Sabtu, 03 Juli 2021

Bertawakal


Dengan nama Allah Yang Maha Pengasih Maha Penyayang.

Tunjukilah kami jalan yang lurus, yaitu jalan orang-orang yang telah Engkau beri nikmat kepadanya; bukan jalan mereka yang dimurkai dan bukan pula jalan mereka yang sesat.                  

              Bertawakal

Bertawakal atau berpasrah diri pada Allah SWT.

"Allah tidak membebani seseorang melainkan sesuai dengan kesanggupannya".

QS. Al-Baqarah (2):286.

Kata pasrah yang diucapkan seseorang, misal kala ia telah berupaya keras dan menanti hasil akhirnya, merupakan indikasi adanya ketaqwaan kita sebagai manusia yang bergantung pada Allah SWT. Bahwa apapun hasil finalnya merupakan hak prerogratifNya. Dan menjadi yang terbaik bagi orang tersebut.

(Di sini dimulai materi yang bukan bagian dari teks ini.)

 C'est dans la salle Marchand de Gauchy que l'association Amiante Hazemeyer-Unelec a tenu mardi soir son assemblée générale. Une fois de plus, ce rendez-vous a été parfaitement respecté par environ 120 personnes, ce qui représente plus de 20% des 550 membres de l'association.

Apapun segala sesuatu yang terjadi menimpa seseorang diyakini merupakan ketetapanNya yang terbaik.

Berpasrah diri pada Allah SWT berarti menyerahkan sepenuhnya tangan Allah yang bekerja untuk memberi pertolongan, dan memberikan kemudahan sesudahnya.

"Maka sesungguhnya bersama kesulitan ada kemudahan"

QS. Al-Insyirah (94):5.

Berpasrah diri disertai dengan keikhlasan dan kesabaran merupakan puncak penyerahan diri sepenuhnya seseorang sebagai hamba Allah yang beriman.

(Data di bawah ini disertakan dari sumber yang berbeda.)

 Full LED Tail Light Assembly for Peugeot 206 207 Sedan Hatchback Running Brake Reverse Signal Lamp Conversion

" Dan janganlah  kamu (merasa) lemah, dan jangan (pula) bersedih hati, sebab kamu paling tinggi (derajatnya), jika kamu orang beriman."

QS. Ali 'Imran (3):139.

Dan kesabaran dalam kepasrahan diri yang dijalankan seseorang akan memperoleh pahala dari Allah SWT, Allah akan mencukupkan keperluannya dan rizki yang berkah.

"Dan bersabarlah, karena sesungguhnya Allah tidak menyia-nyiakan pahala orang yang berbuat kebaikan."

QS. Hud (11):115.

"Dan barangsiapa bertawakal kepada Allah, niscaya Allah akan mencukupkan (keperluan)nya."

QS.  At-Talaq (65):3

"Sungguh, seandainya kalian bertawakal kepada Allah sebenar-benar tawakal, niscaya kalian akan diberi rizki (yang berkah)".

HR.Tirmidzi

Selamat menunaikan sholat sunnah Dhuha. Salam sehat.

2 Zulkaidah 1442H/13.06.2021.

lfh/LFH.

Membalas Budi Baik


Dengan nama Allah Yang Maha Pengasih Maha Penyayang.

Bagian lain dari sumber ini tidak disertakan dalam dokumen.